Tuesday, April 19, 2011

I Like to Move It, Move It

Dear Eleanor,

I will always be proud of your achievements, but would rather recognize them when you've actually accomplished them.  For the past several nights, you've been waking up every two hours after 11PM to practice crawling.  Then you get stuck on all fours and cry.  First, you are perfectly capable of rolling over.  Second, I bet you'd learn to crawl more quickly if you practiced when you were fully awake.  Third, I'm over getting up all night.  I need to sleep.  So do you.  How about we make a deal?  I'll make you a sticker chart like your brother's one for using the potty, and will give you a sticker every time you sleep more than 4 hours in a row.

I'd be happy to acknowledge your sleeping achievements as well as your crawling ones.  Let's work on this.

Love,

Mommy

Monday, April 18, 2011

The Shoe's on the Other Foot

Dear Isaac,

It must have been hard for you, as a parent, to have to put Mr.
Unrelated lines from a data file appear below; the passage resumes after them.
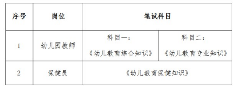 1.執(zhí)行園長(zhǎng)、副園長(zhǎng)崗位網(wǎng)上報(bào)名通過后直接進(jìn)入面試環(huán)節(jié),幼兒園教師、保健員崗位筆試采取閉卷形式進(jìn)行,考試科目如下表: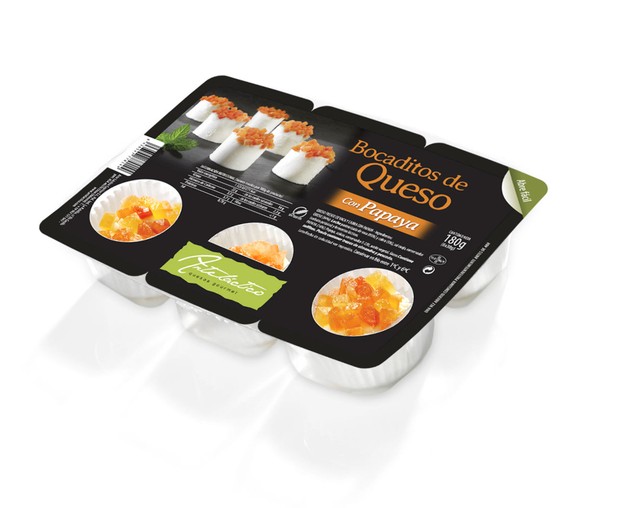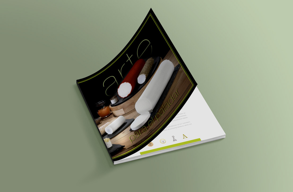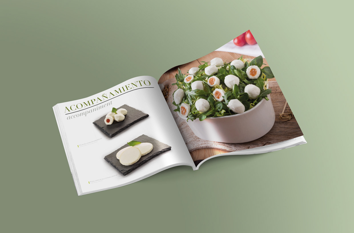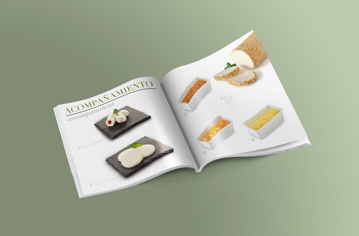 Diseño de catálogo, packaging y stand de feria para empresa de quesos gourmet.
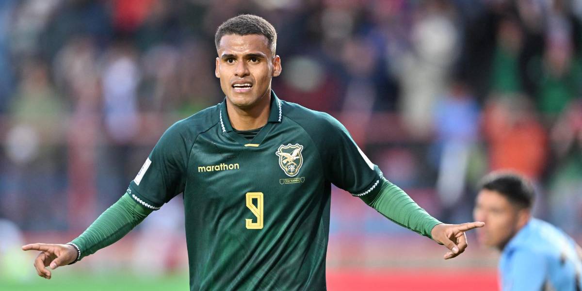 El delantero de Bolivia, Enzo Monteiro, celebra su gol contra Chile por las Eliminatorias Sudamericanas ( )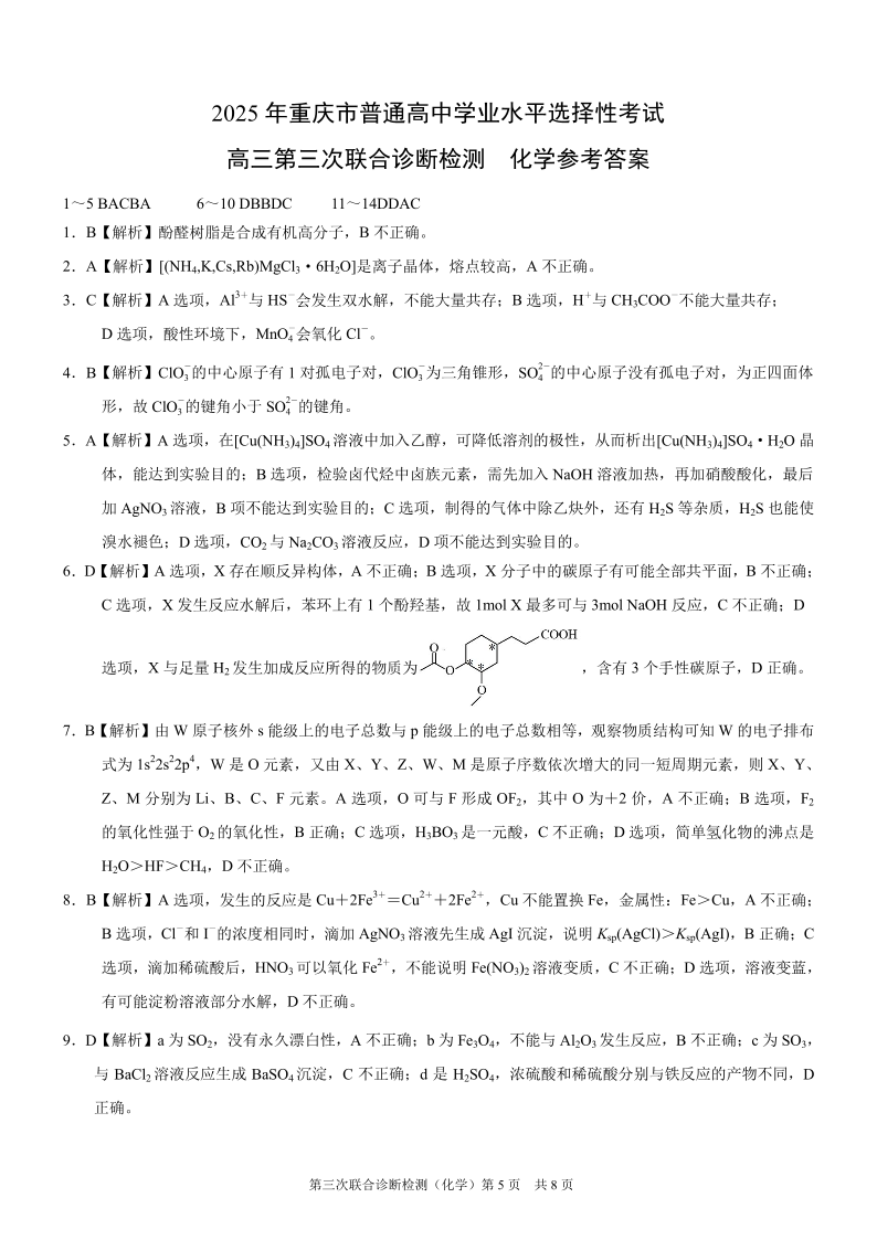 重庆市2025年普通高等学校招生全国统一考试高三第三次联合诊断检测化学答案

Mono in time out.  I'm sorry he wouldn't listen to you and was eating my shirt.

You put him in the time out chair, and asked him repeatedly why he was in time out, but apparently he didn't listen.  At one point, you even had to tell him to stop laughing, that being on time out isn't funny.

You let him know that when your Mommy and Daddy and your Isaac say to listen, you must listen.

Then Woody got time out too - you didn't seem sure why he was in time out, but thought it was necessary to take a picture of the situation.

I'm glad to see you've got the time out routine down pat (minus the photo).

Love,

Mommy

Sunday, April 17, 2011

Isaac-isms

Dear Isaac,

You say some pretty funny stuff.  Over the past couple of weeks your speech has become very clear.  You have such a way with words.  Recently, some of the following things have come out of your mouth:

"Mommy, you no feel well?  I need to sing you the ABCs."  And after signing...  "You feel better now?!"

"I'm getting mad.  I feel like screaming."

Last night, Grandpa and Marianne were here visiting and we ordered Thai food.  I ordered red snapper.  I did not realize it would arrive whole.  You were sitting next to me and said, "Mommy, your dinner is scaring me.  It's lookin' at me."

"Good morning, LAYDEE."  You say this to Eleanor every morning when she wakes up and each time she gets up from a nap.

"Oh really, Eleanor?"  You say this in response to any noise Eleanor makes.

This evening before Eleanor went to bed you told me, "I'm the good(est) brother in the whole world."  It's probably true.

And just now, trying to get Daddy's attention as he was sitting right by you, "Daddy?  You still here?"

Love,

Mommy

Tuesday, April 5, 2011

Identity Crisis

Dear Isaac,

I'm sorry the crossing guard still calls you "baby" everyday, despite the fact that you scream at her "I'm NOT A BABYYYYY" everyday.  It's possible that she can't hear you under her crossing guard hat.  Or the traffic is too loud.  Or she just says that to everyone.  I can't think of any other reason that she doesn't learn her lesson.  Maybe you should introduce yourself tomorrow and she'll call you Isaac instead of baby.

Just trying to make sure you don't scream yourself into tiny tot anger management classes.

Love,

Mommy

Sunday, April 3, 2011

One of the Family

Dear Isaac,

Thanks for following up on the letter about my family drinking.  I think you may be the first 2.5 year-old that waiter last night ever had order a margarita.  Sorry we didn't let you actually get it.  Hope the milk and lemonade were worthy substitutes.